Artist’s healing angels help people cope with tragedies
June 2, 2013 - 9:20 am
WARWICK, N.Y. — After Joseph and Betty Ginley’s firefighter son was killed in the Sept. 11 attack on the World Trade Center, they found some solace in the tall steel angels crafted as memorials by sculptor Lei Hennessy-Owen.
The Pennsylvania artist had been erecting them to commemorate tragedies including the 2001 terror attacks, a pipeline explosion in Washington state and the friendly fire death of former NFL star Pat Tillman.
The Ginleys, of Warwick, were on hand in 2011 when Hennessy-Owen unveiled an angel honoring the youngest victim of the mass shooting in Tucson, Ariz., that injured then-U.S. Rep. Gabrielle Giffords, a Democrat.
On Thursday, they helped dedicate another angel, this time to their granddaughter, killed in March in a car accident in Virginia.
“I never thought we’d get an angel for my granddaughter,” Joseph Ginley said. “I take some comfort in it.”

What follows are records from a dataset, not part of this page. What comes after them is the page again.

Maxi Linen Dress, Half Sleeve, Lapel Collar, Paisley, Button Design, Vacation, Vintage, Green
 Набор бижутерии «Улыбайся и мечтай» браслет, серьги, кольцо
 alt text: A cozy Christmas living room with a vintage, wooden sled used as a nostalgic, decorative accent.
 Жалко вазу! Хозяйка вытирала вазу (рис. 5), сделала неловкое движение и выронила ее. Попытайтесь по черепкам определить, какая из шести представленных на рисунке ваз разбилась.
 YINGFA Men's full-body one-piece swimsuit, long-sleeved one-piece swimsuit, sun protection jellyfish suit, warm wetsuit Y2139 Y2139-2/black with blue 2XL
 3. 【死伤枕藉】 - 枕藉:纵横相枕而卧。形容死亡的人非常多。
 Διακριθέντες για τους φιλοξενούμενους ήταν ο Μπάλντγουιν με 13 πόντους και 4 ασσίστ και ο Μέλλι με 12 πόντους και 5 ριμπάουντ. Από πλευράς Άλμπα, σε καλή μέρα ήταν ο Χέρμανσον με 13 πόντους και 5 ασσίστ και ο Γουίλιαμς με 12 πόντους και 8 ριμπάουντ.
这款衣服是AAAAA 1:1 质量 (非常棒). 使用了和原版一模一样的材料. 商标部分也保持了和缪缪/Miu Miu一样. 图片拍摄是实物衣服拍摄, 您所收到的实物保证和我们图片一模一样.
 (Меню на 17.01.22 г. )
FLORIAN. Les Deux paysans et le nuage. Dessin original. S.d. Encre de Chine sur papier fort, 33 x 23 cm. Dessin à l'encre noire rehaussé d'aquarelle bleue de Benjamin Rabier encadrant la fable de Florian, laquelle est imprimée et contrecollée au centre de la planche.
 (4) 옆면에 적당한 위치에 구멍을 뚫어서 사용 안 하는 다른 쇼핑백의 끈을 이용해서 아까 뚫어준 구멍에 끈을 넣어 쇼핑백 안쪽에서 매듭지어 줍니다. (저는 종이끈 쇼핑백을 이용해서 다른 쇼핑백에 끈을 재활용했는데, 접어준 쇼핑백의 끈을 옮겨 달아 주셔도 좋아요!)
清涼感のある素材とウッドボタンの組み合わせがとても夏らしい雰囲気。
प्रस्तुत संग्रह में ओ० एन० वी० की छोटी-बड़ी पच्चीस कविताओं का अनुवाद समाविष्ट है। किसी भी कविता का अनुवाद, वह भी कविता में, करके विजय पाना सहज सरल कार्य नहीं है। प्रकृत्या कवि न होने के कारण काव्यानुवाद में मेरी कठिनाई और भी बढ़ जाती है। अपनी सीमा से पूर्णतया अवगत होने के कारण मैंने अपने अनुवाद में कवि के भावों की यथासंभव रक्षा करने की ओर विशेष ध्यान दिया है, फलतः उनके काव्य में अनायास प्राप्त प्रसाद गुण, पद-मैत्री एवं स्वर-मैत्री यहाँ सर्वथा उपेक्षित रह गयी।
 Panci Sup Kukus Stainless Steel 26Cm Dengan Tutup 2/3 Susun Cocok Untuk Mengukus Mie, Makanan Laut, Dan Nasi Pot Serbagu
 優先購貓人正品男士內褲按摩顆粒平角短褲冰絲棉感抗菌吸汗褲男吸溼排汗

Christina Ginley’s death at age 18, on her way to a soccer tournament, was not a high-profile tragedy like the others. But her grandparents had befriended Hennessy-Owen over the years, and the artist was struck by their double loss.
“It was terrible for the Ginleys, losing Christina after losing their son,” Hennessy-Owen said before the dedication.
She said making an angel “was the only good thing I could think of. I thought it might give the Ginleys something to focus on after this awful thing.”
Hennessy-Owen, originally a painter and landscape artist, got into memorial sculptures in 1999, crafting an angel when two 10-year-old boys were killed in a pipeline explosion in Bellingham, Wash.
“I like to show angels rising out of wreckage,” said Hennessy-Owen, 55, who works in Somerset County, Pa. “People like the message.”
The angel she made for the World Trade Center attack was 30 feet tall.
When she made one as a memorial for Christina-Taylor Green, the 9-year-old victim of the Tucson shootings, she invited the Ginleys to join the girl’s parents at the unveiling because they, too, had lost a child when John Ginley was killed in 2001.
The ceremony, at an Oro Valley, Ariz., park, was inspiring, Joseph Ginley said.
“That little girl was amazing, and the show of support for her was incredible,” he said.
For Thursday’s memorial ceremony in Warwick, a 90-minute drive north of New York City, the angel was decorated with roses and ribbons. A baking sun glinted off the dark grey sculpture as a priest blessed it with holy water.
Christina Ginley, John Ginley’s niece, had been active in charity fundraising at Warwick Valley High School, where she was a senior. Principal Richard Linkens said, “She was a selfless individual, always working to make the world around her better.” And her father, also named Joseph Ginley, said, “She was a perfect little girl, and people warned me, ‘Wait until she’s a teenager,’ and then she was a perfect teenager.”
Hennessy-Owen told the crowd of Christina’s friends and relatives that the angel, which has bits of World Trade Center steel in it and is 9 feet, 11 inches tall to commemorate the 9/11 attack, was a “healing angel.”
She said she tried to make “an angel that looked like she was comforting.”
She confided afterward that, “I am always dealing with tragedies as I make these angels, but this one was really hard.”
Eventually, the angel will be surrounded by a low stone wall bearing a plaque with an inscription Christina wrote for a time-capsule project, her grandfather said: “If I had all the time in the world I would travel and spend time with the people I love.”
“It’s almost like the angel is telling us,” the grandfather said, “that everything can be overcome, even when it seems like too much.”